ConvNeXt [27] made a series of modifications to the original ResNet50 structure and learned from the transformer. During this time, 3×3 convolutions will be replaced by 7×7 depthwise convolutions. This expands the local receptive field but still fails to classify global information. We further use depth ParC to replace the 7×7 depth convolution in ConvNeXt Block. In this way we obtain the ParC-ConvNeXt block (see Figure 5(d)). Replacing the last 1/3 blocks of the last two stages of ConvNeXt with ParC-ConvNeXt blocks resulted in a ConvNeXtParC example. We reduce the number of basic channels in ConvNeXt-T to 48 (i.e., [48, 96, 192, 384] per stage), resulting in lightweight ConvNeXt-XT, which is more popular for deployment on edge computing devices and has Shorter experimental cycles.

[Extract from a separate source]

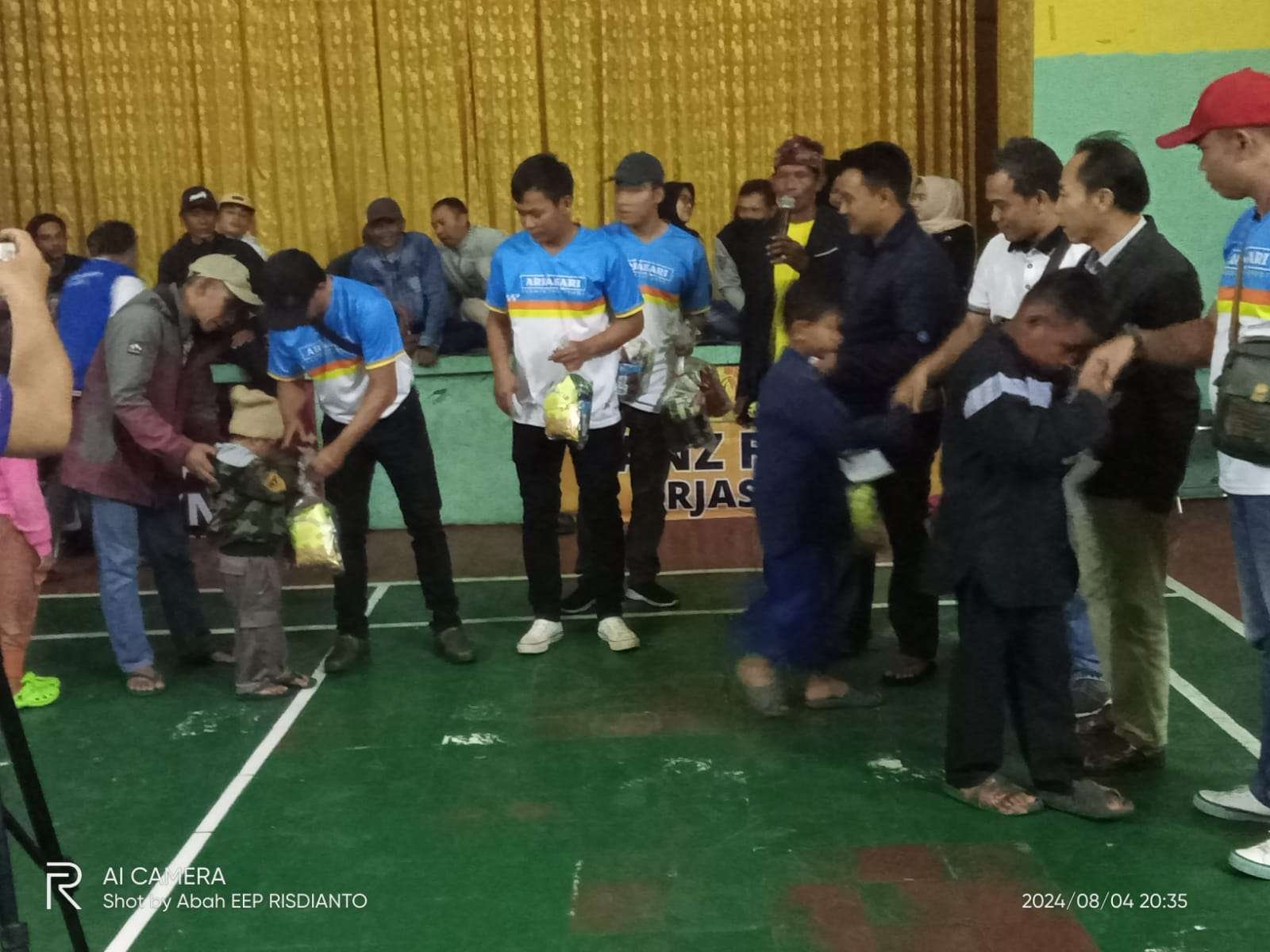 Kab. Bandung, Idisi Online,- Open Turnamen Badminton Sauyunan Cup se Wilayah Kecamatan Arjasari selesai. Panitia menutup acara dengan membagikan santunan kepada anak yatim dan pembagian hadiah untuk pemenang turnamen. Berlangsung di GOR Kepri Arjasari Kabupaten Bandung. Minggu (4/8/2024).
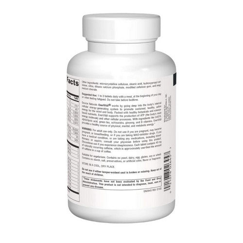 Source Naturals EnerVital works by going deep into the bodys internal cellular energy-generating system to promote sustained, healthy, active energy for the mind and body. Packed with healthy botanicals and sciencebased nutrients, EnerVital supports the production of ATP the bodys main energy molecule and other cellular processes. With ingredients like CoQ10, alpha-lipoic acid, green tea, schisandra, ginseng, and B vitamins, EnerVital provides a healthy source of physical, mental, and metabolic energy.

It should be noted that in ParC-MetaFormer, the sequence of ParC-H and ParC-W is used to keep the receptive field consistent with self-attention, because this design is used to replace self-attention. In ParC-convnets, we adopt parallelism (per layer) of ParCH and ParC-v, as shown in Figure 5. According to experimental results, this setup can already provide sufficient performance gains relative to traditional ConvNets. In fact, since we are not just using one ParC-ConvNet block, ParC-ConvNet still has a global receptive field.
4 EXPERIMENT
5 DISCUSSION
In this section, we first analyze the spatial distribution of weights learned by vanilla convolution and ParC. On this basis, it is further explained that they still learn similar feature extraction patterns.
In addition, we also provide the results of two commonly used visualization schemes, effective receptive field (ERF) [15] and Grada-Cam [29], to analyze the mechanism of ParC. The results show that the PARC-based model can obtain global features even at high resolution, which makes the model more comprehensive in obtaining instance-related semantic information.
6 CONCLUSION
We design a new plug-and-play operator ParC (position-aware circular convolution). ParC has a global receptive field like self-attention in ViT, but due to the pure convolution operation, different hardware platforms can support it more conveniently. We demonstrate that it improves the classification performance of the network, whether inserted into a transformer-based network or a convolution-based network. In addition, parcel-based models also have advantages when handling downstream tasks. Its internal mechanism and its difference from ordinary large kernel convolution are analyzed, and a convincing explanation of its superiority is given. In order to apply ParC under large resolution conditions, fast ParC based on ffc is also proposed. Fast ParC operations are capable of keeping computational budgets low at high input resolutions, making ParC a competitive and versatile choice for most computer vision tasks.